Fortunately, the food at Fraiche was knocking us out right and left, and we mainly forgot about Mr. Bashful. The latest opening in restaurant-crazy Culver City, the Fraiche kitchen is headed by husband and wife team Jason and Miho Travi, drawing on their collective experiences at Spago, Sona, Meson G and La Terza.
The LA Times critic calls the menu "rustic Mediterranean", I call it "all my favorite foods in one place." House cured guanicale? Farro salad with English peas? Rabbit-stuffed tortelli with fried artichokes and sage? Branzino cooked in parchment with clams, purple potatos and sweet corn?
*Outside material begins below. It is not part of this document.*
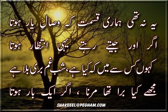 buht khubsurat Shakeeel bro.... aise hai khubsurat ashaar ka sharing jari rakien.. be blessed.

Rhubarb-hazelnut cake? If I were on death row, this'd be my last meal. Every dish was well-balanced and bursting with spring flavors (other chefs seem to agree--Govind Armstrong arrived for a bite at the bar toward the end of the evening).
And the prices? Extremely reasonable (entrees $22ish-$29ish, pastas $12ish-$16ish)--makes me cringe when I realize we've spent similar amounts at disasters like Dusty's.
In addition to an airy main room, Fraiche includes a large, street-facing patio, as well as a bar tucked away in the corner. At the bar you'll find specialty cocktails made with fresh juices as well as a different bar menu. You'll also find my pet peeve, a television, and as we ate our dessert in the elegant dining room, it was disconcerting to hear patrons cheering while watching the NBA playoffs. So, Fraiche: train your waitstaff, turn off the boob tube, keep that rhubarb cake on the menu, and I'll drive across town on a weeknight to see you again.